# Sprinkler lifting but not spraying.



## Cnfsdwhtguy (Apr 28, 2019)

Okay. New to sprinkler systems and I have a head that I found did not work. I bought a new sprinkler unit and just installed it. When powered it lifts but nothing comes out. In fact water fills up below the sprinkler. I am thinking it might be the incoming line but I would like a second opinion.

And super newbie so don't hesitate to mention something simple... I almost definitely would have over looked it.


----------



## DiabeticKripple (Apr 14, 2019)

If it's coming up, it has water pressure. Maybe check the head, I think some come with a cap you have to remove.


----------



## Cnfsdwhtguy (Apr 28, 2019)

Perfect. Now it sprays but still bubbling quite a bit from below... normal? Leak? It's on tight.


----------



## DiabeticKripple (Apr 14, 2019)

Most likely a leak. Can you pull the dirt back and turn it on to have a look?


----------



## SCGrassMan (Dec 17, 2017)

Probably a clogged screen or head. Determine if time or money is more important. 9/10 I'm just replacing the head.


----------



## Cnfsdwhtguy (Apr 28, 2019)

IT was leaking. The sprinkler mount was leaking. Replaced it. Now all is right with the world. Thanks guys!


----------



## SCGrassMan (Dec 17, 2017)

Cnfsdwhtguy said:


> IT was leaking. The sprinkler mount was leaking. Replaced it. Now all is right with the world. Thanks guys!

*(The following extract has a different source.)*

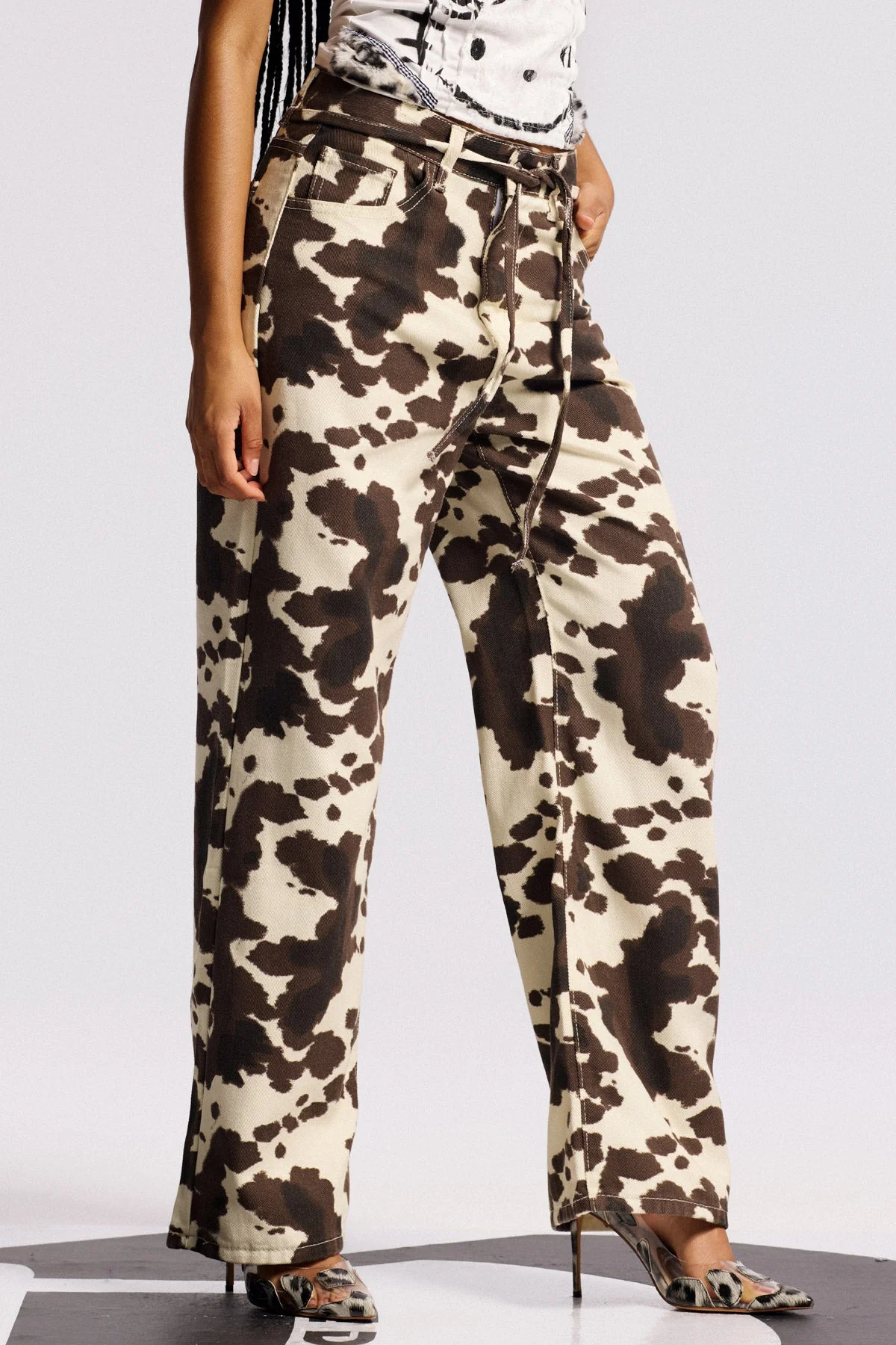Step out in style with these expertly crafted Bleached Cow Print Denim Jeans . Featuring a unique bovine-inspired pattern achieved through precision bleaching techniques, these jeans offer a bold fashion statement with a contemporary twist. The durable premium denim construction ensures both comfort and longevity. The strategic bleached areas create a versatile urban edge with a touch of brown hues. These non-stretch jeans are perfect for those seeking a distinctive look. Plus, gentle machine wash care allows for easy maintenance. Please note that color variations may occur due to image lighting.

No sweat! It's too cheap to unscrew and replace to mess with it.


----------



## datcope (Oct 29, 2018)

I am glad you got it fixed. FYI, I'm not sure what type of sprinkler you have, but if it was a 'sprayer', I have seen the same when the center screw is completely screwed down cutting off the spray (it will pop up due to the pressure).


----------